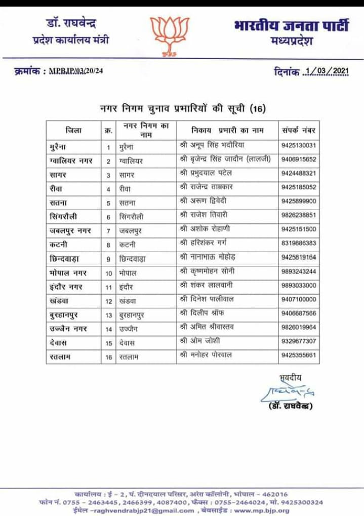 भाजपा ने नगर निगम और नगर निकाय चुनावाें के लिए साेमवार काे जिला चुनाव प्रभारियों की घोषणा कर दी है। भाजपा प्रदेश अध्यक्ष वीडी शर्मा की सहमति के बाद प्रदेश कार्यालय मंत्री डाॅ. राघवेंद्र ने 16 नगर निगम और 54 नगर निकाय के लिए प्रभारी घोषित कर दिए हैं। इसमें इंदौर की जिम्मेदारी सांसद शंकर लालवानी को सौंपी गई है, जबकि इंदौर ग्रामीण के लिए राधेश्याम यादव को प्रभारी बनाया गया है। बता दें, इंदौर नगर निगम में महापौर समेत 85 वार्डाें के लिए चुनाव होना है। पिछले 20 साल से भाजपा इंदौर महापौर के पद पर काबिज रही है। उनकी कोशिश है कि इस बार भी वे बाजी मारे। हालांकि कांग्रेस ने इस बार विधायक संजय शुक्ला को महापौर पद के लिए चयनित कर दिया है।
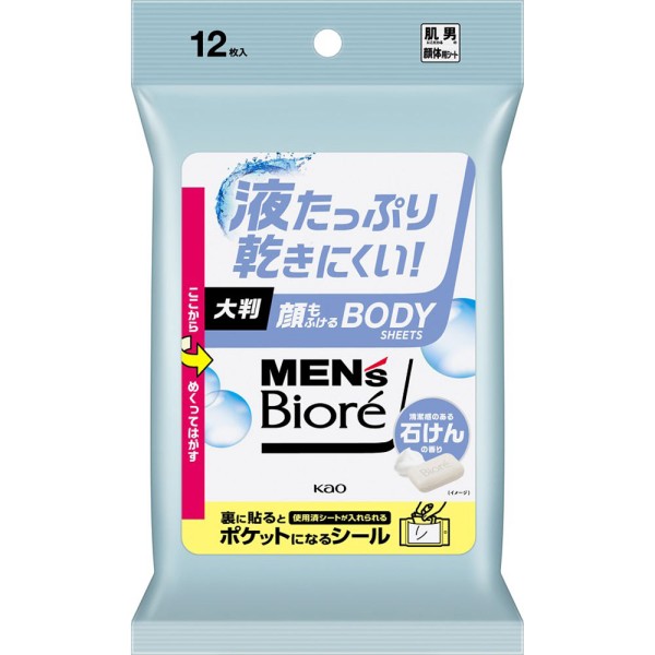 맨즈비오레 얼굴닦기만 해도 되는 바디 시트 청결감 있는 비누 향 포켓이 되는 스티커 부착 12매 카오 > 보디 페이퍼
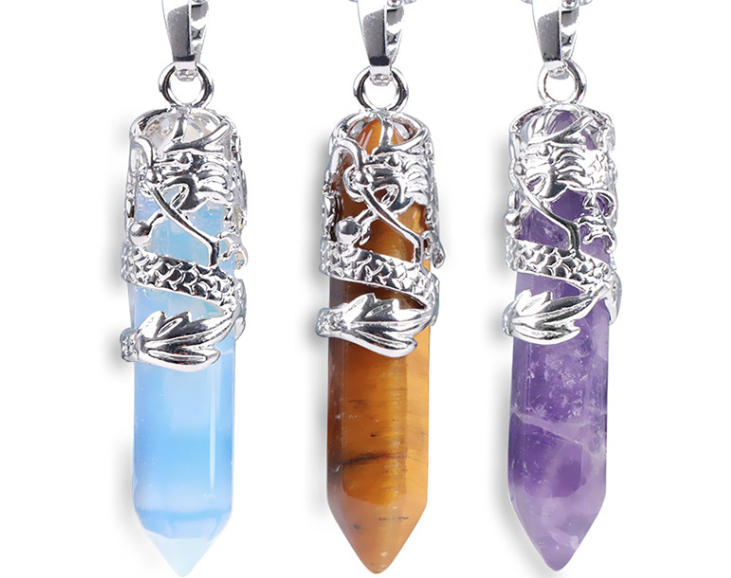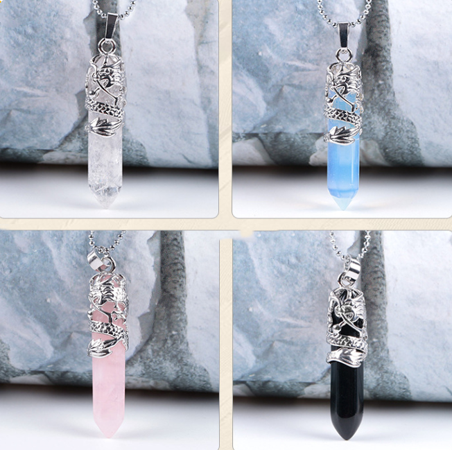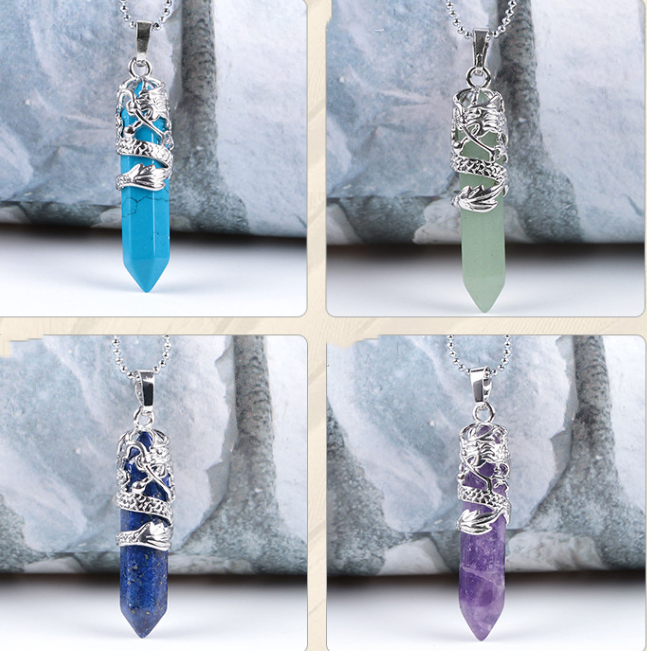 Natural Stone Hexagonal Dragon Totem Crystal Necklace
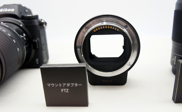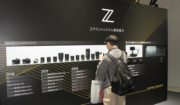 Zマウントシステム開発展示のコーナーではNIKKOR Zレンズのラインナップとして、2021年までのロードマップのリストと、既発表のものも含め12本のレンズやマウントアダプターFTZ、バッテリーパックなどをモックアップを交えて披露された
+ + +
Required action: Retype the data above exactly. Do not carry over any images.

Task result:
 भाजपा ने नगर निगम और नगर निकाय चुनावाें के लिए साेमवार काे जिला चुनाव प्रभारियों की घोषणा कर दी है। भाजपा प्रदेश अध्यक्ष वीडी शर्मा की सहमति के बाद प्रदेश कार्यालय मंत्री डाॅ. राघवेंद्र ने 16 नगर निगम और 54 नगर निकाय के लिए प्रभारी घोषित कर दिए हैं। इसमें इंदौर की जिम्मेदारी सांसद शंकर लालवानी को सौंपी गई है, जबकि इंदौर ग्रामीण के लिए राधेश्याम यादव को प्रभारी बनाया गया है। बता दें, इंदौर नगर निगम में महापौर समेत 85 वार्डाें के लिए चुनाव होना है। पिछले 20 साल से भाजपा इंदौर महापौर के पद पर काबिज रही है। उनकी कोशिश है कि इस बार भी वे बाजी मारे। हालांकि कांग्रेस ने इस बार विधायक संजय शुक्ला को महापौर पद के लिए चयनित कर दिया है।
 맨즈비오레 얼굴닦기만 해도 되는 바디 시트 청결감 있는 비누 향 포켓이 되는 스티커 부착 12매 카오 > 보디 페이퍼
 Natural Stone Hexagonal Dragon Totem Crystal Necklace
 Zマウントシステム開発展示のコーナーではNIKKOR Zレンズのラインナップとして、2021年までのロードマップのリストと、既発表のものも含め12本のレンズやマウントアダプターFTZ、バッテリーパックなどをモックアップを交えて披露された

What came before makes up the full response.